Si la solution la plus répandue au problème synoptique est de considérer que Évangile selon Marc a été utilisé comme source majeure par Matthieu et Luc, celle-ci n'est pas sans problèmes[13]. Pour pallier ceux-ci, certains exégètes allemands du Nouveau Testament, particulièrement Holtzmann[14], ont imaginé, dans la deuxième moitié du XIXe siècle, l'existence d'une état antérieur de Marc, l'Urmarkus, un « Marc primitif » supposé être une sorte de première édition, une ébauche ancienne et perdue de cet évangile[15]. Cette version, connue des auteurs de Matthieu et Luc, expliquerait alors certaines des différences par rapport à Marc que les deux autres synoptiques ont en commun[13]. Si la théorie a connu un certain succès, critiquée par Paul Wernle (en) dès la fin du XIXe siècle, elle n'est plus aujourd'hui que faiblement reflétée à travers l'hypothèse selon laquelle les premières versions de Marc pourraient avoir varié[15].
La démonstration se fonde sur cinq critères : la structure, la succession des péricopes, le contenu, le style et enfin le commentaire[16].
L’analyse de la structure révèle que Matthieu et Luc reprennent la narration de Marc tout en l’adaptant ; dès qu’ils s’en éloignent, ils s’écartent l’un de l’autre, par exemple lorsqu’ils abordent les Évangiles de l'enfance[16]. La succession des péricopes fait apparaître que Matthieu et Luc se détachent volontiers de l’ordre adopté par Marc, mais sans respecter un enchaînement commun indépendant de lui ; en d’autres termes, Marc leur sert de fil conducteur.

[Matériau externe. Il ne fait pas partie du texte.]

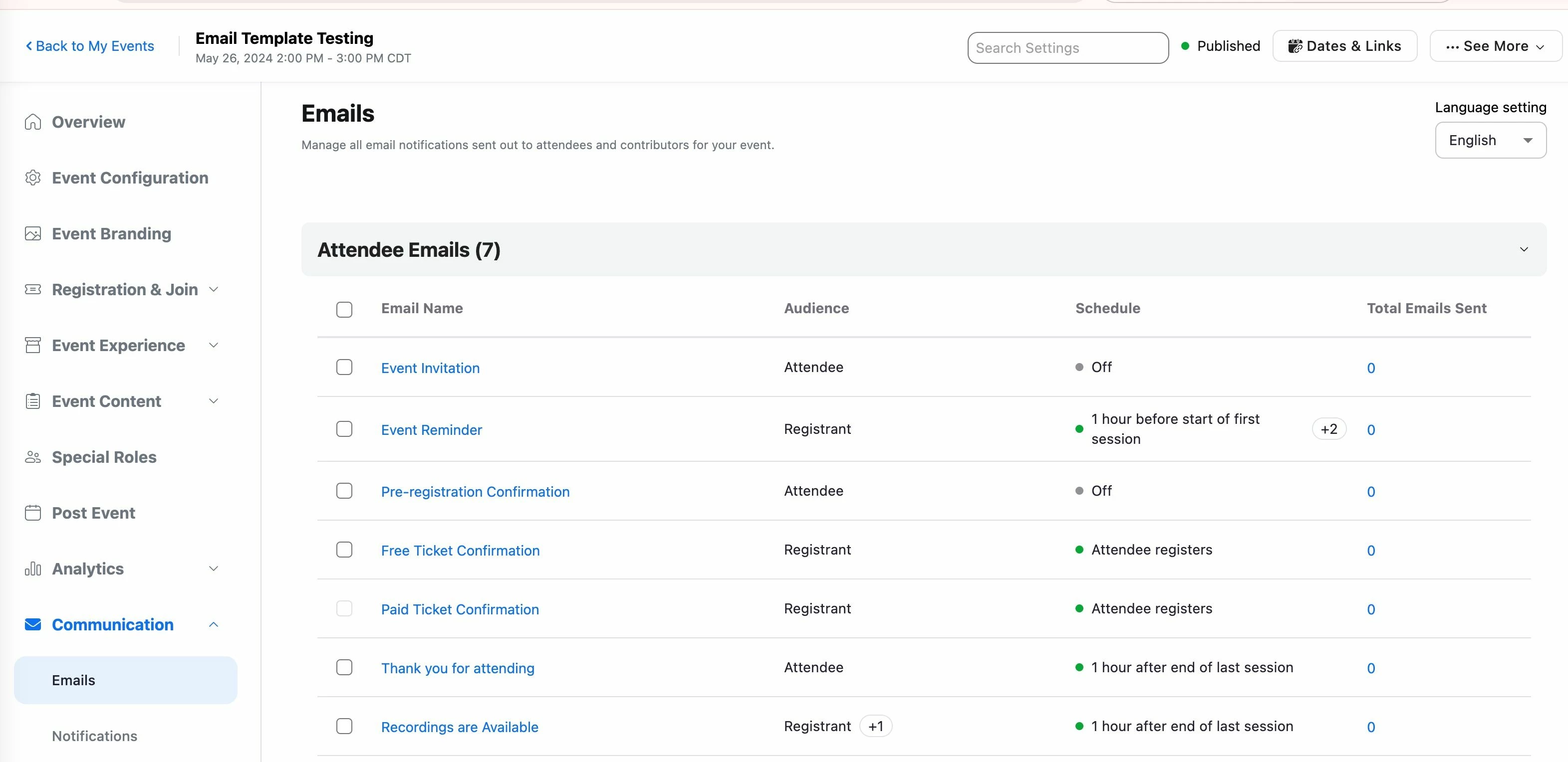 I am preparing a multiple-day conference with Zoom Events (pay per attendee with a Business license).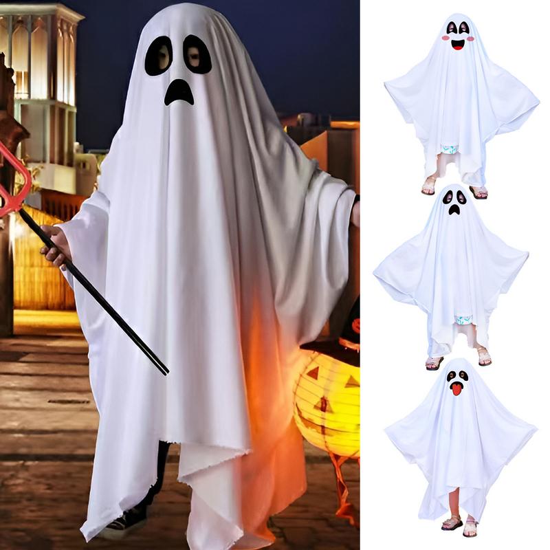 Ghost Costume For Kids White Ghost Halloween Poncho Cosplay Outfits For Boy Girl Halloween Fancy Dress Ghost Costume For Boy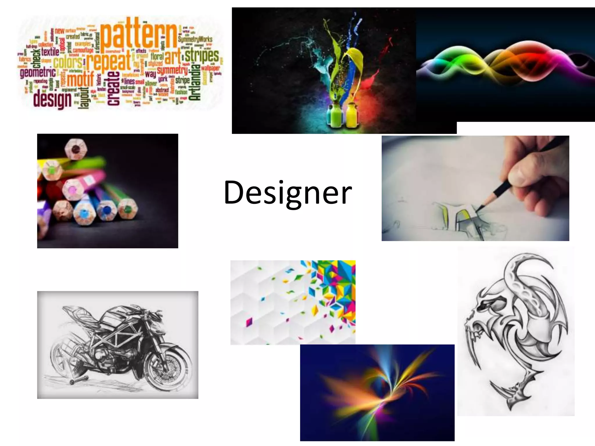 O documento descreve o que é design e designer. Um designer idealiza, cria e desenvolve objetos industriais levando em conta padronização e produção em série. O designer busca criar objetos funcionais e esteticamente agradáveis. O processo de design envolve várias etapas como planejamento, conceito e engenharia do produto. Técnicas como estudos de viabilidade e solução criativa de problemas são usadas no desenvolvimento do produto.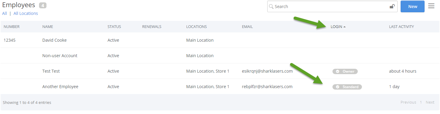 The Employees screen displays all employee records configured in the system. Employee records can be edited as needed. To add a new employee, click the New button in the top-right corner.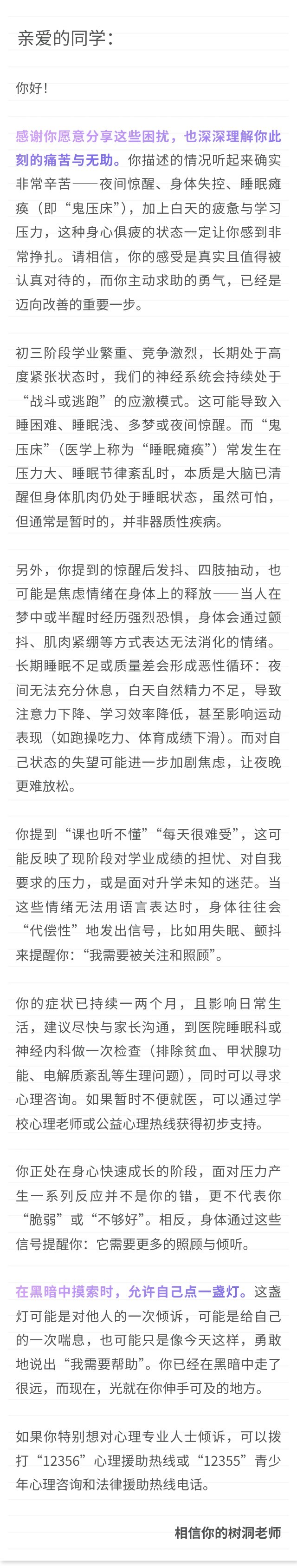 一位16岁初中女生:我是一个初三学生,在最近的一两个月里,我每周大概会有两到三次,半夜惊醒有时醒来后会控制不住的全身发抖,四肢抽动,以及被惊醒时总是会有“鬼压床”的感觉,晚上总是难以入睡。这是为什么,我应该怎么做?感觉好痛苦,每天跑操好痛苦,也没有精力体育也很差。每天都很难受,课也听不懂。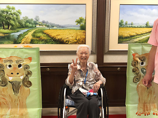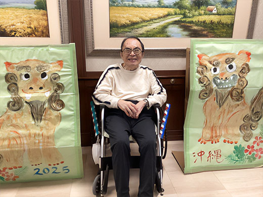 職員が丹精込めて描いた、沖縄の守り神として親しまれているシーサーのパネルを使ったフォトスポットです。大きな口を開けたシーサーの隣で、ご入居者様は思い思いに写真撮影を楽しまれていました。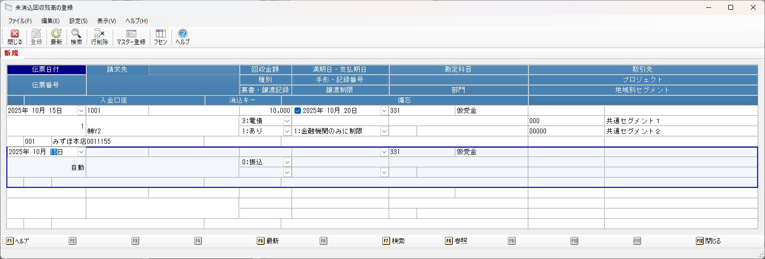 未消込回収残高の登録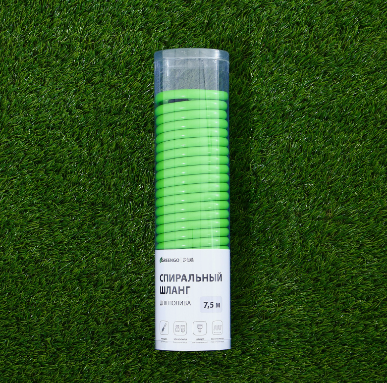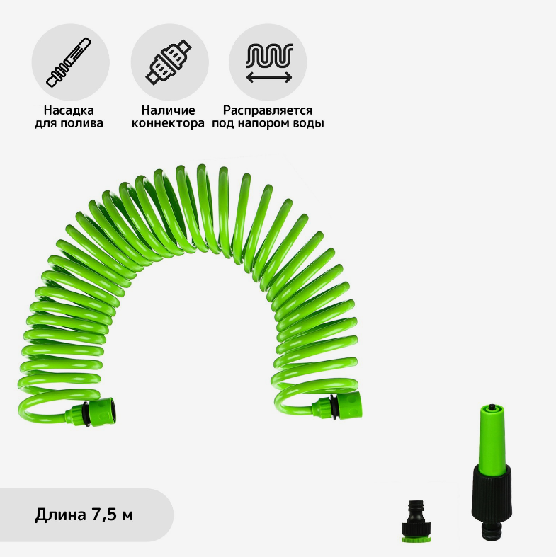 СохранитьШланг поливочный спиральный, 7,5 м, быстросъёмный, с поливочным пистолетом и штуцером, зелёный, Greengo интересное: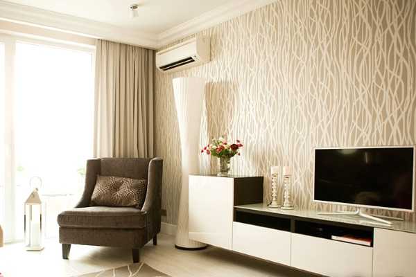Этот вид обоев аналогичен виниловым. Однако, акрил, в отличие от винила наносится не сплошным слоем, а точечно. Поэтому такой настенный материал пропускает воздух. Кроме того, акриловая поверхность практична и долговечна, не боится влаги и механических повреждений. Ниже можно увидеть фотографии модных акриловых обоев для маленьких гостиных.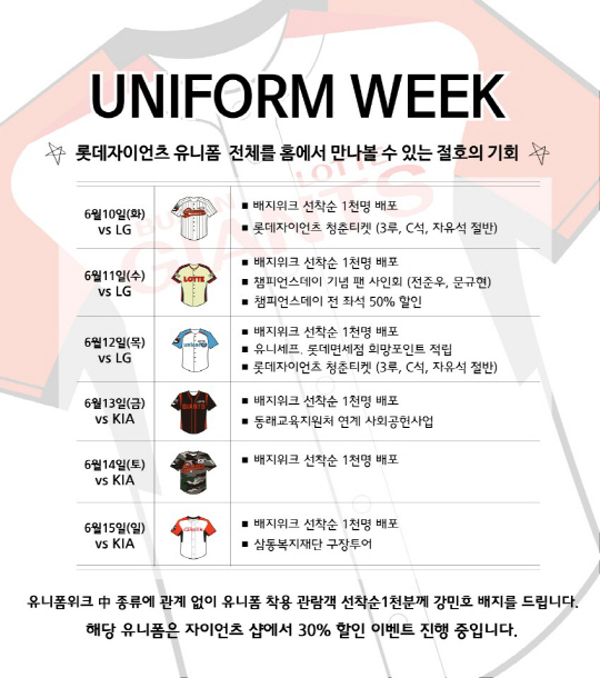 이번 행사는 롯데 유니폼 전체를 홈경기에 모두 접할 수 있도록 마련한 것으로 먼저 10일은 홈 유니폼, 11일은 챔피언 유니폼(챔피언스데이), 12일은 유니세프 유니폼(유니세프데이)을 착용한다. 또 13일은 원정 유니폼을, 14일은 밀리터리 유니폼, 15일은 선데이 유니폼을 착용한다.

L’étude du contenu, quant à elle, permet d’appréhender la part déterminante du matériau marcien chez Matthieu et Luc[16]. Selon les chiffres indiqués par Daniel Marguerat, Matthieu (texte de 1 068 versets) utilise 523 versets de Marc sur 661 ; et Luc (texte de 1 149 versets), environ 364 sur 661. Seuls 26 versets restent propres à Marc. Au total, le texte marcien se retrouve presque intégralement dans les deux autres synoptiques, soit 635 versets sur 661[17]. Les 523 versets de Marc repris par Matthieu correspondent à près de 50 % du texte matthéen[18], et les 364 versets de Marc utilisés par Luc représentent 35 % du texte lucanien[19].
Le style de Marc se caractérise par sa simplicité : il procède par juxtapositions (la parataxe), s’exprime au présent de narration, accumule les tournures sémitiques. À l’inverse, Matthieu emploie l’aoriste, Luc recourt à une syntaxe élaborée et le vocabulaire de ces deux auteurs est plus recherché, d’où il ressort qu’ils ont amélioré le niveau linguistique[16]. Enfin, le récit de Marc est développé par les deux autres évangélistes sous la forme de commentaires intégrés à leur texte : ils expliquent, ils explicitent, ils rectifient, tant sur le plan événementiel que dans une intention théologique[16].
Ces cinq séries d’observations plaident en faveur de l’antériorité de Marc. Elles se voient complétées par le fait que Matthieu et Luc présentent 235 versets communs qui ne se retrouvent pas chez Marc. Selon la théorie des deux sources, ce corpus de 235 versets, principalement constitué de paroles de Jésus (les logia), provient d'un second texte de référence : la Source Q[16].